Please reproduce the data exactly and omit the pictures.

### Records for this task ###

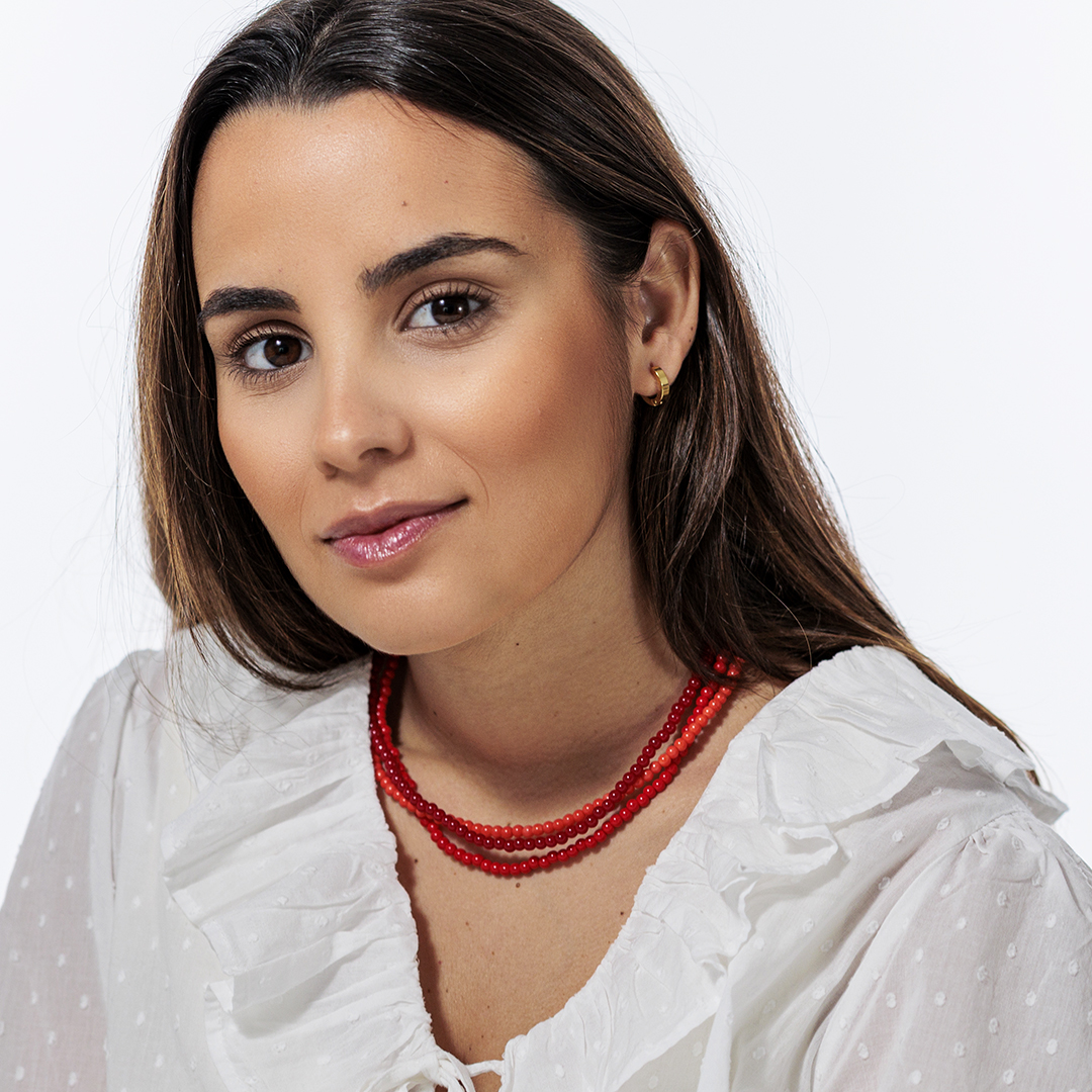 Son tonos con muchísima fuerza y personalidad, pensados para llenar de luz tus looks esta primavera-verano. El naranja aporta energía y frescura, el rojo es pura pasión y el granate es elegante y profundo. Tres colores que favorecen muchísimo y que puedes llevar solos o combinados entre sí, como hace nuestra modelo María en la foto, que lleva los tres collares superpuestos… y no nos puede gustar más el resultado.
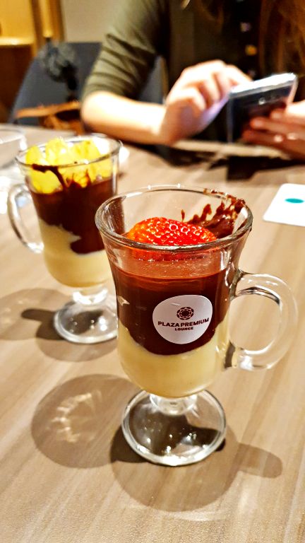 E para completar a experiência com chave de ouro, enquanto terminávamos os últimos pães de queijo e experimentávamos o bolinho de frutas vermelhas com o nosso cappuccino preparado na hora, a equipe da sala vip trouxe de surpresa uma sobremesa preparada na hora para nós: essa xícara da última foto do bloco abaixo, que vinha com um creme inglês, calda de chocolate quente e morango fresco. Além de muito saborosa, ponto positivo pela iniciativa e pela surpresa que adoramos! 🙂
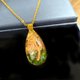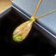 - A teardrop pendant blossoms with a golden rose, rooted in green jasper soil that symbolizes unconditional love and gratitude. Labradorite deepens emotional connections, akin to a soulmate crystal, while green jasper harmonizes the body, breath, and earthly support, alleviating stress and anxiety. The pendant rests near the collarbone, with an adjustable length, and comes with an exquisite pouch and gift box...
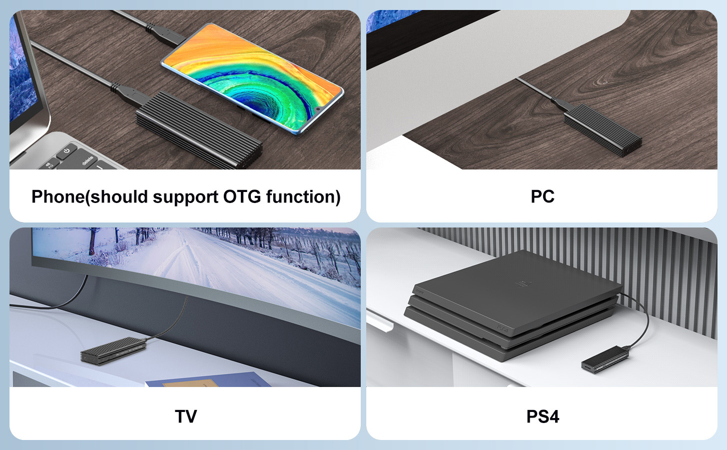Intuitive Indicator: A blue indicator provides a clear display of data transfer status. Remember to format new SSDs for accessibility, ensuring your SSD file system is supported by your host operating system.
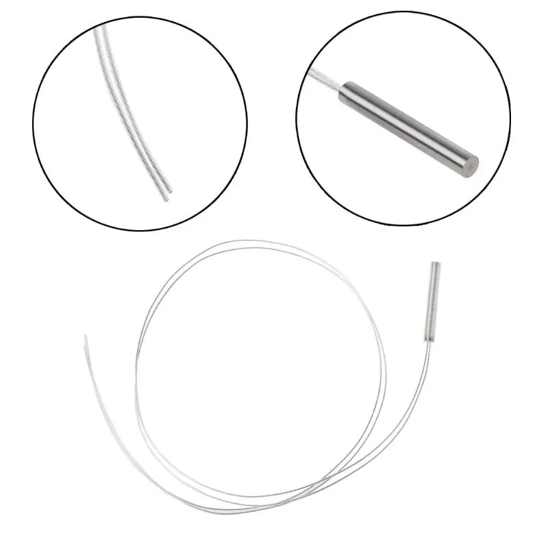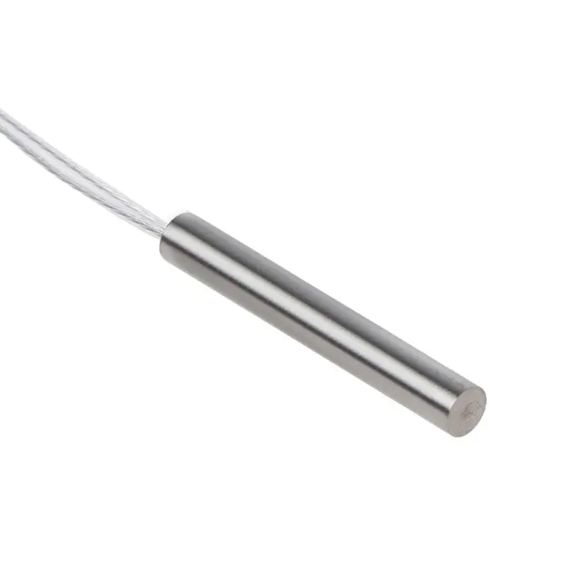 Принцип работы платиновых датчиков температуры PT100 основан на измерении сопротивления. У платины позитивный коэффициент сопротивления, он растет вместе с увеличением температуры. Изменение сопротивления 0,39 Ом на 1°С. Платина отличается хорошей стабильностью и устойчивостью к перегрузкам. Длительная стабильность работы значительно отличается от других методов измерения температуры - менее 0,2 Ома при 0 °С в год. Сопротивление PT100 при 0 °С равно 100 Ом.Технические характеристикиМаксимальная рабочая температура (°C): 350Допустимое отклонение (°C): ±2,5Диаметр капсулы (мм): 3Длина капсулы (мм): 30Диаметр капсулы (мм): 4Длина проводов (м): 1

###

* Task response *
 Son tonos con muchísima fuerza y personalidad, pensados para llenar de luz tus looks esta primavera-verano. El naranja aporta energía y frescura, el rojo es pura pasión y el granate es elegante y profundo. Tres colores que favorecen muchísimo y que puedes llevar solos o combinados entre sí, como hace nuestra modelo María en la foto, que lleva los tres collares superpuestos… y no nos puede gustar más el resultado.
 E para completar a experiência com chave de ouro, enquanto terminávamos os últimos pães de queijo e experimentávamos o bolinho de frutas vermelhas com o nosso cappuccino preparado na hora, a equipe da sala vip trouxe de surpresa uma sobremesa preparada na hora para nós: essa xícara da última foto do bloco abaixo, que vinha com um creme inglês, calda de chocolate quente e morango fresco. Além de muito saborosa, ponto positivo pela iniciativa e pela surpresa que adoramos! 🙂
 - A teardrop pendant blossoms with a golden rose, rooted in green jasper soil that symbolizes unconditional love and gratitude. Labradorite deepens emotional connections, akin to a soulmate crystal, while green jasper harmonizes the body, breath, and earthly support, alleviating stress and anxiety. The pendant rests near the collarbone, with an adjustable length, and comes with an exquisite pouch and gift box...
Intuitive Indicator: A blue indicator provides a clear display of data transfer status. Remember to format new SSDs for accessibility, ensuring your SSD file system is supported by your host operating system.
 Принцип работы платиновых датчиков температуры PT100 основан на измерении сопротивления. У платины позитивный коэффициент сопротивления, он растет вместе с увеличением температуры. Изменение сопротивления 0,39 Ом на 1°С. Платина отличается хорошей стабильностью и устойчивостью к перегрузкам. Длительная стабильность работы значительно отличается от других методов измерения температуры - менее 0,2 Ома при 0 °С в год. Сопротивление PT100 при 0 °С равно 100 Ом.Технические характеристикиМаксимальная рабочая температура (°C): 350Допустимое отклонение (°C): ±2,5Диаметр капсулы (мм): 3Длина капсулы (мм): 30Диаметр капсулы (мм): 4Длина проводов (м): 1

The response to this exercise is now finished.